司馬遼太郎「歴史のなかの邂逅」全四巻

司馬遼太郎作品はすべて僕の書架にある。いずれ時間ができれば「竜馬がゆく」「坂の上の雲」「翔ぶが如く」「街道をゆく」「項羽と劉邦」「花神」「菜の花の沖」あたりを手はじめに、ただひたすら再読しながら過ごしたいと思う。

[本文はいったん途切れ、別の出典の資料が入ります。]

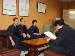 全道大会で優秀な成績を収め、標記大会に出場する岩見沢幌向剣道クラブと光陵中学校剣道部の代表として3人の選手が、報告のため教育長を訪問されました。
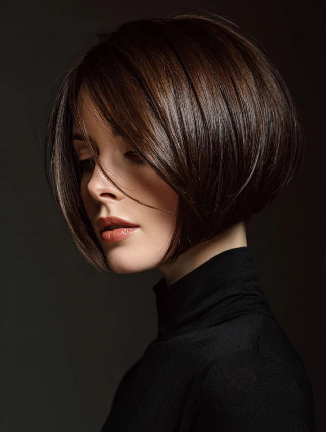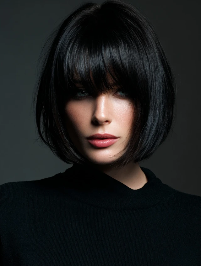 A bob paired with angled bangs breaks up forehead height using diagonal lines. The sweep draws attention to the cheekbones and eyes instead of the hairline. It flatters round and square faces by adding softness.

司馬遼太郎 歴史のなかの邂逅〈1〉空海‐豊臣秀吉司馬遼太郎 歴史のなかの邂逅〈2〉徳川家康~新選組司馬遼太郎 歴史のなかの邂逅〈3〉坂本竜馬~西郷隆盛司馬遼太郎 歴史のなかの邂逅〈4〉正岡子規、秋山好古・真之―ある明治の庶民
この「歴史のなかの邂逅」は「歴史上の人物の魅力を発掘したエッセイ188篇。時代順に集大成」として最近編まれたもの。膨大な司馬作品へのインデックス機能にもなっている。作品の「あとがき」や、出版直後に自著について書いたり語ったりしたものが収録されているところが、とてもいい。

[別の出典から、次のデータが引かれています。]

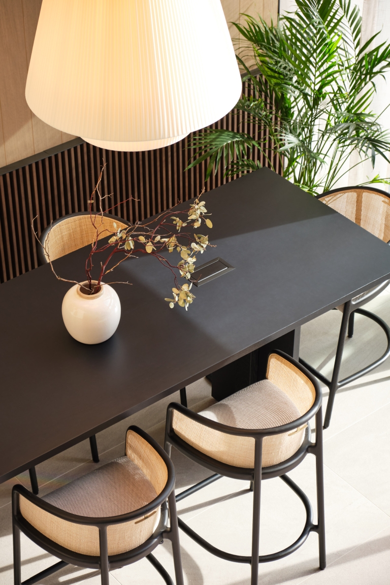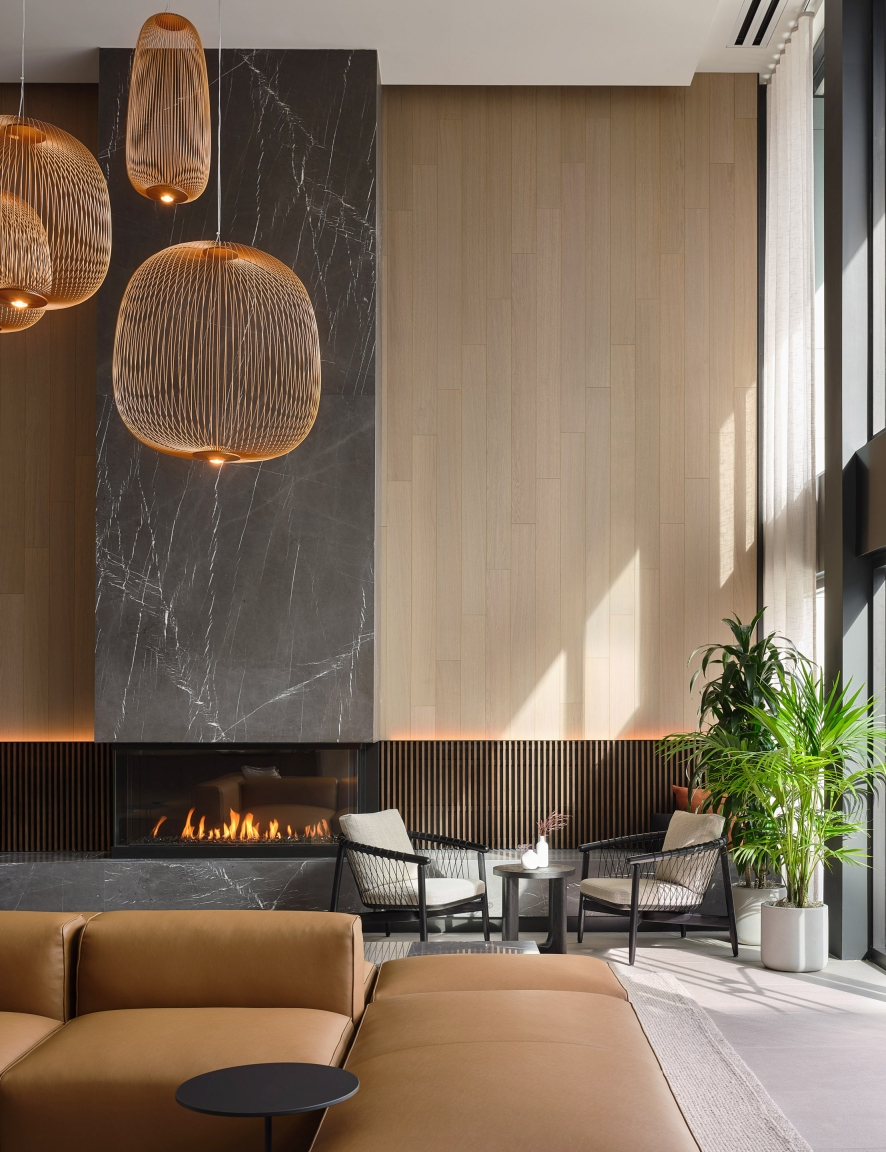 Our scope focused on the interior architecture, which embraces a distinctly urban and contemporary essence in contrast to the other buildings. The design exudes a sense of familiarity while eschewing conventional embellishments and moldings. Our approach adopts a modern aesthetic leveraging spatial dynamics, volumetric play, and materiality to articulate the architectural style.

「歴史のなかの邂逅」第四巻冒頭に、「坂の上の雲」の単行本全六巻についた「あとがき」が並べられている(ちなみに文庫版は全八巻で、八巻の巻末に六篇の「あとがき」がまとめて収録されている)。
先日書いたブログに関連する司馬自身の文章があったので、ここに引用しておく。

この作品は、執筆期間が四年と三ヶ月かかった。書き終えた日の数日後に私は満四十九歳になった。執筆期間以前の準備期間が五ヵ年ほどあったから、私の四十代はこの作品の世界を調べたり書いたりすることで消えてしまったといってよく、書きおえたときに、元来感傷を軽蔑する習慣を自分に課しているつもりでありながら、夜中の数時間ぼう然としてしまった。(中略) この十年間、なるべく人に会わない生活をした。(中略) いずれにしても友人知己や世間に生活人として欠礼することが多かった。友人というほどではないが古い仲間の何人かが、その欠礼について私に皮肉をいった。これはこたえた。しかしやむをえないじゃないかと私は自分に言いきかせた。

「友人というほどではないが」という何気ない言葉に、司馬の憤りや諦めのようなものが垣間見られる。